11. STOCK-BASED COMPENSATION

The Corporation has established a stock-based compensation plan whereby officers, employees, directors and consultants may be granted options to purchase one common share for each option granted, at a fixed price not less than the fair market value of the stock at the time of grant, subject to certain conditions being met. Stock options granted under this plan vest over a three year period at the rate of one-third on each anniversary date of the stock option grant. All stock options granted are for a five year term.

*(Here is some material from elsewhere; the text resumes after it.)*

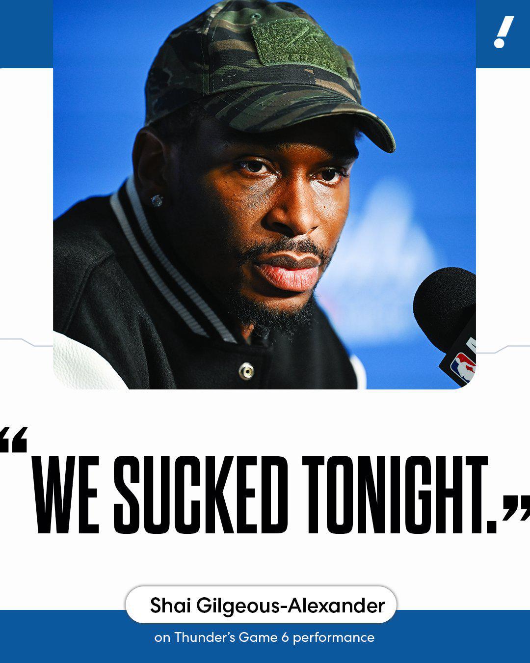 雷速体育6月20日讯 NBA总决赛G6,步行者主场108-91大胜雷霆,将系列赛拖入抢七大战。雷霆核心亚历山大本场表现不佳,赛后发布会上飚出了脏话。

In order to calculate the compensation expense, the fair value of the stock options is estimated using the Black-Scholes option-pricing model that takes into account, as of the grant date: exercise price, expected life, current price, expected volatility, expected dividends, and risk-free interest rates.

Stock Options

For the three and nine months ended September 30, 2008, the Corporation recorded $1.4 million and $4.0 million (three and nine months ended September 30, 2007 - $738,000 and $1.3 million) of non-cash stock-based compensation expense and a corresponding increase to contributed surplus related to the issuance of stock options and forfeiture of unvested options during the period. During the three and nine months ended September 30, 2008 the Corporation also recorded cash stock-based compensation expense of $NIL and $20,000 (three and nine months ended September 30, 2007 - $NIL and $44,000).

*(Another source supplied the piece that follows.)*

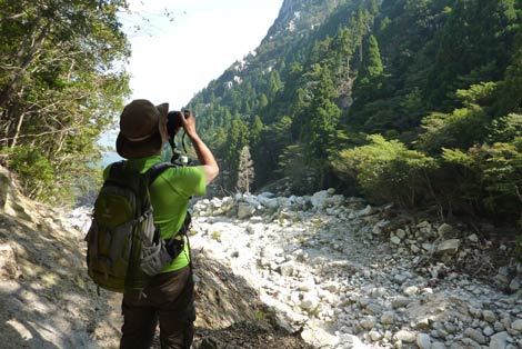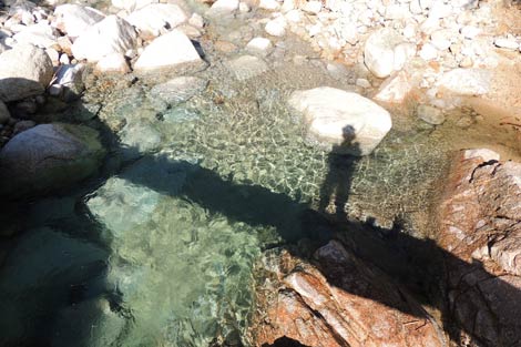 七の渡しを通過したら山沿いに進むのが正規ルートだが砂防ダム鉄枠をくぐり日向小屋の対岸に出る |

Using the fair value method, the weighted average fair value of stock options granted during the three and nine months ended September 30, 2008 was $6.48 per share and $5.02 per share under option, respectively.

At September 30, 2008, the Corporation's Amended and Restated Stock Option Plan permitted the grant of options in respect of 11,239,597 common shares. At September 30, 2008, there remained available for grant options in respect of 5,123,476 common shares.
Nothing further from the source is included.